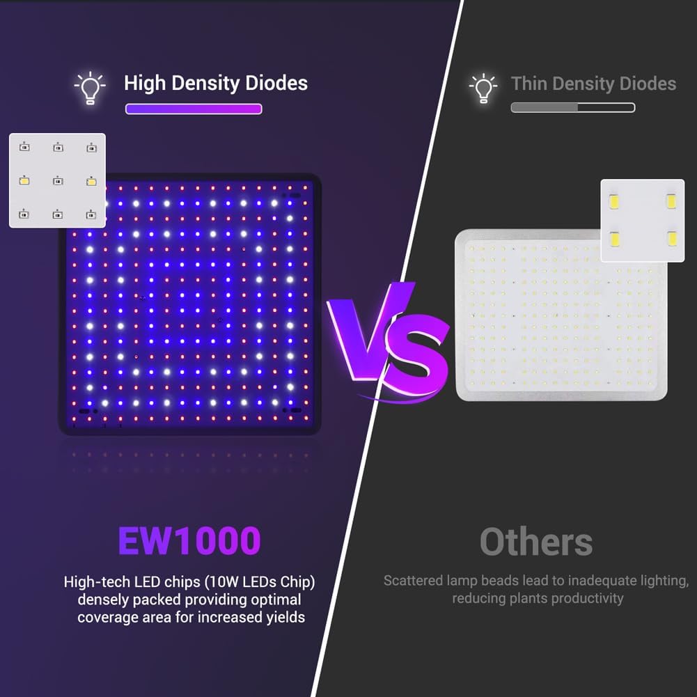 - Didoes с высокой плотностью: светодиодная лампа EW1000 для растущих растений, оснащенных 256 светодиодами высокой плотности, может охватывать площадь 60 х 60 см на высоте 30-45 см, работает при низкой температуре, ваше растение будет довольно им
###
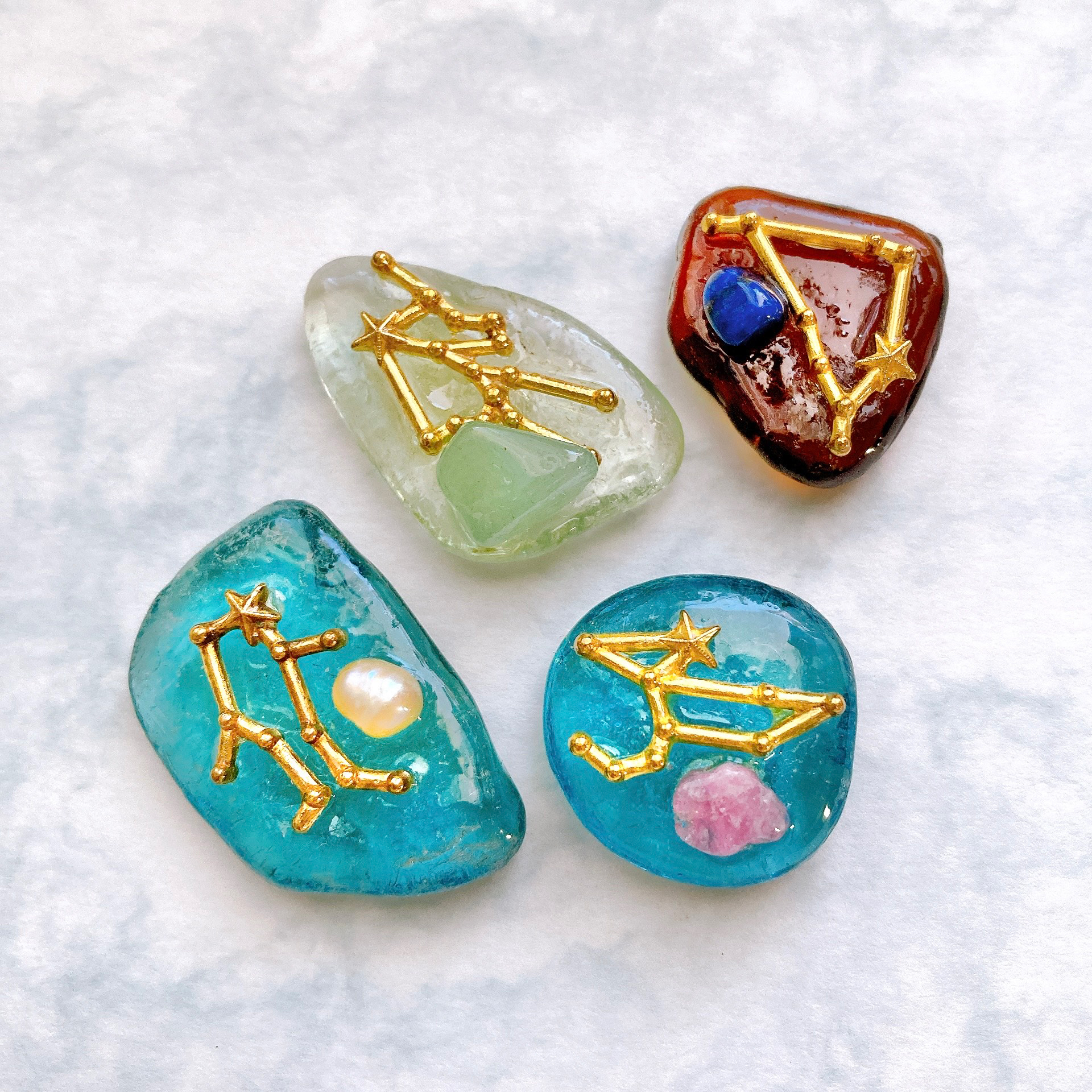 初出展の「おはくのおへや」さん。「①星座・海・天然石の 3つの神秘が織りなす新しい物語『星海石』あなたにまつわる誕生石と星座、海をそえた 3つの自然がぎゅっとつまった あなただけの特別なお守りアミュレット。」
###
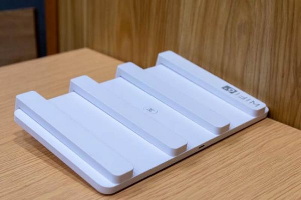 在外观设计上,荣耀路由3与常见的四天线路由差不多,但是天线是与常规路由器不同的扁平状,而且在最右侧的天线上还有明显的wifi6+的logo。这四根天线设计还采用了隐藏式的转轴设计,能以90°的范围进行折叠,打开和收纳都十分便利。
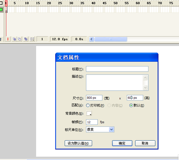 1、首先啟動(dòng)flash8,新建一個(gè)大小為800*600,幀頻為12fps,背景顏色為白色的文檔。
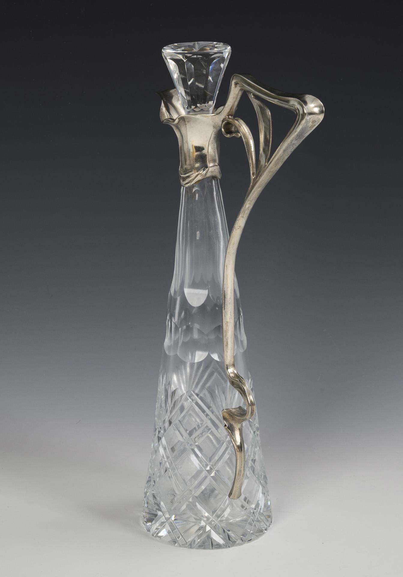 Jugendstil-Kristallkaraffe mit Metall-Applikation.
###
### GOAL OF THE EXERCISE
Copy the entries above exactly, but only the stretch from the line containing "1、首先啟動(dòng)fl" through the line containing "Jugendstil-Kristallkaraffe mit Metall-Applikation.". Keep both end lines; drop the pictures.

### ANSWER FOR THIS EXERCISE
 1、首先啟動(dòng)flash8,新建一個(gè)大小為800*600,幀頻為12fps,背景顏色為白色的文檔。
 Jugendstil-Kristallkaraffe mit Metall-Applikation.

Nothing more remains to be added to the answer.